── INPUT DATA

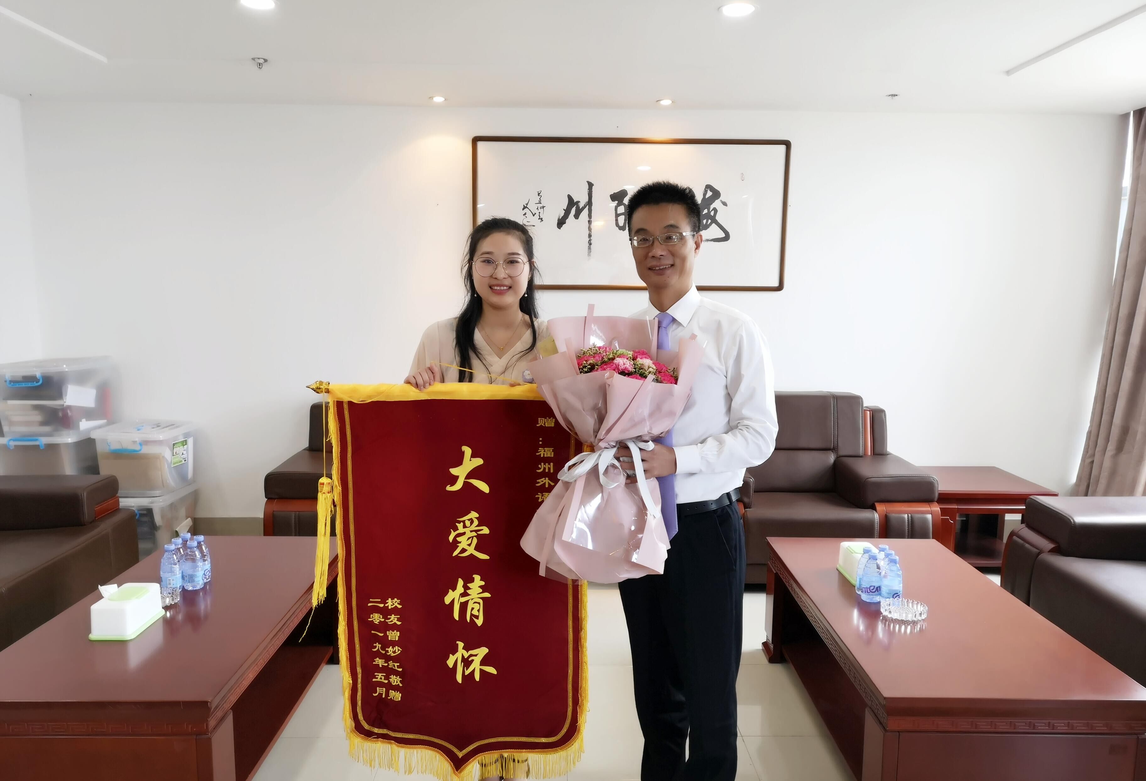 5月11日,在福州外语外贸学院举行15周年校庆活动当天,我校2015届财务管理专业受助校友曾妙红返校参加庆典,将一面书有“大爱情怀”的锦旗赠送给母校,同时向我校名誉董事长吴钦明先生递上感谢信。
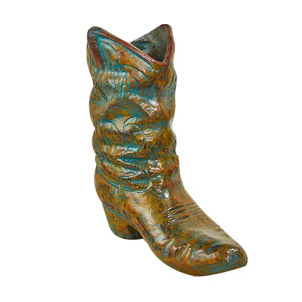 DECORATIVE CLAY COWBOY BOOT - TEAL 16" x 8" x 19"
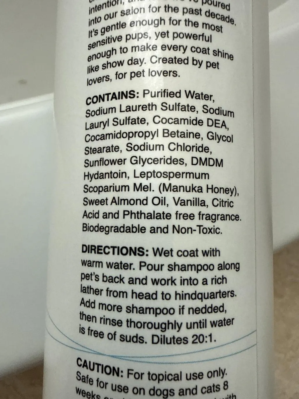 My German Shepherd was ok with this dog shampoo. She was very happy its made in the United States and not imported.Unlike the imported brands that cautioned against using on Humans, my dog thought if it was not safe for humans, then why would a human want to use an imported dog shampoo on his dog?Anyway, the aroma is incredible.The feel of the shampoo is good.It rinses off nicely.This is a 20:1 ratio, so dilute the shampoo first.Overall, this dog shampoo works well.
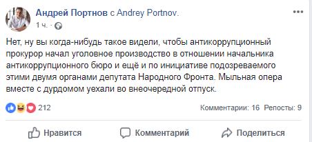 "Нет, ну вы когда-нибудь такое видели, чтобы антикоррупционный прокурор начал уголовное производство в отношении начальника антикоррупционного бюро и ещё и по инициативе подозреваемого этими двумя органами депутата Народного Фронта. Мыльная опера вместе с дурдомом уехали во внеочередной отпуск", - отметил он.

────

◆ **WORK INSTRUCTION**
Copy out all of the material exactly as written, without its pictures.

◆ **WRITTEN RESPONSE**
 5月11日,在福州外语外贸学院举行15周年校庆活动当天,我校2015届财务管理专业受助校友曾妙红返校参加庆典,将一面书有“大爱情怀”的锦旗赠送给母校,同时向我校名誉董事长吴钦明先生递上感谢信。
 DECORATIVE CLAY COWBOY BOOT - TEAL 16" x 8" x 19"
 My German Shepherd was ok with this dog shampoo. She was very happy its made in the United States and not imported.Unlike the imported brands that cautioned against using on Humans, my dog thought if it was not safe for humans, then why would a human want to use an imported dog shampoo on his dog?Anyway, the aroma is incredible.The feel of the shampoo is good.It rinses off nicely.This is a 20:1 ratio, so dilute the shampoo first.Overall, this dog shampoo works well.
 "Нет, ну вы когда-нибудь такое видели, чтобы антикоррупционный прокурор начал уголовное производство в отношении начальника антикоррупционного бюро и ещё и по инициативе подозреваемого этими двумя органами депутата Народного Фронта. Мыльная опера вместе с дурдомом уехали во внеочередной отпуск", - отметил он.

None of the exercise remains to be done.